By what metrics can we judge AV software (e.g., safety)? 1. Code Coverage - Definition: Code coverage refers to the amount of code that gets executed during testing. - Types of Coverage: - Statement coverage: Ensures individual lines of code are executed. - Line coverage: Measures whether specific lines of code are reached during testing. - Branch coverage: Ensures all possible branches in if-else conditions are covered. - Example: 75% branch coverage means that 3 out of 4 possible outcomes in an if-else statement have been tested.

Model Accuracy
Definition: This metric evaluates how accurately the machine learning models in AV software recognize objects, make decisions, or navigate environments.
Training: The models are trained using labeled data, which includes sensor data (e.g., from cameras, radar) and corresponding ground truth.
Testing: Accuracy is computed on a separate labeled test set.
Example: If the model has 90% accuracy, it means that the object recognition is correct for 90% of the test inputs.
Failure Rate
Definition: Failure rate tracks the frequency of crashes or fatalities involving autonomous vehicles.
Measurement Units: per 1,000 rides, per million miles, or per month.
Mileage
Definition: Mileage is a measure of how many miles an autonomous vehicle has driven, which provides data on the software's real-world performance over time.
Importance: The more miles an AV drives, the more data it accumulates to improve its algorithms, reduce failure rates, and increase reliability.
Example: Waymo's vehicles have accumulated over 15 billion autonomously driven miles in simulation and over 20 million real-world miles on public roads.

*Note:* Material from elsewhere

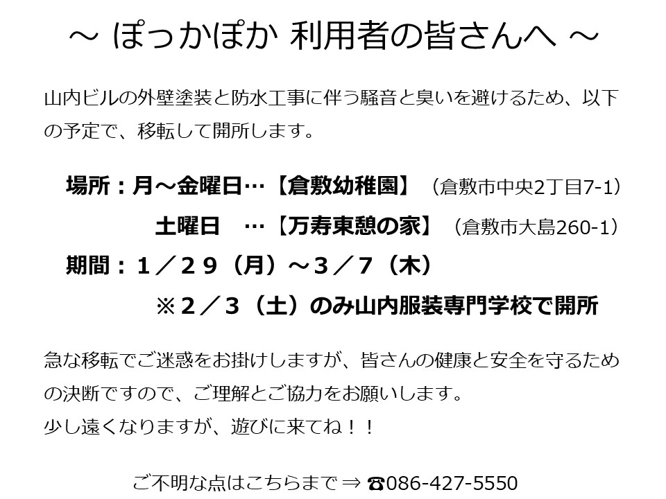 倉敷市内一斉臨時閉所のため8/30・31閉所のお知らせ
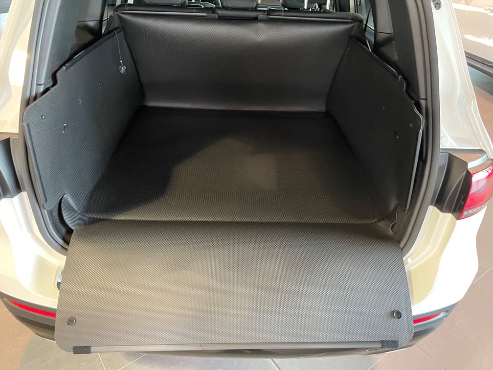 Dieser Kofferraumwanne verkleidet den Kofferraum Ihres Mercedes EQB bei aufrechten oder den gesamten verfügbaren Laderaum bei umgeklappten Rücksitzen. In der ersten Gebrauchsstellung können Sie z.B. Ihren Hund sicher transportieren und im Fond Fahrgäste mitnehmen. In der zweiten Gebrauchsstellung (wenn die Rücksitze heruntergeklappt sind) können Sie Ihr Fahrrad zur Inspektion bringen. Die Ladekante, Stoßstange und die Heckklappe werden in beiden Gebrauchstellungen zuverlässig geschützt.

Such data is used to demonstrate the safety and reliability of AV software.

Risks and challenges¶

The streetlight effect: A known observational bias. People tend to look for something only where it’s easiest to do so.
Making inferences: Provide a theory (from domain knowledge, independent of data), Show correlation, Demonstrate ability to predict new cases (replicate/validate)
Spurious Correlations:
- Confounding variables.
- Berkson's paradox: when a dataset is biased or filtered in a certain way.
- Survivorship bias: occurs when only the successes (or survivors) are considered in analysis. WWII plane example: focus on the areas without bullet holes.
Measurement Reliability: The goal is to reduce uncertainty and increase consistency in measurements, which often requires multiple observations to account for variability.

Metrics and incentives¶

Goodhart’s Law: When a measure becomes a target, it can lose its effectiveness as a measure (e.g., focusing solely on lines of code might encourage bad coding practices).
Incentivizing Productivity: Basing developer rewards on metrics (like number of bugs fixed or lines of code written) can lead to undesirable behaviors, such as writing unnecessary code or overlooking bugs.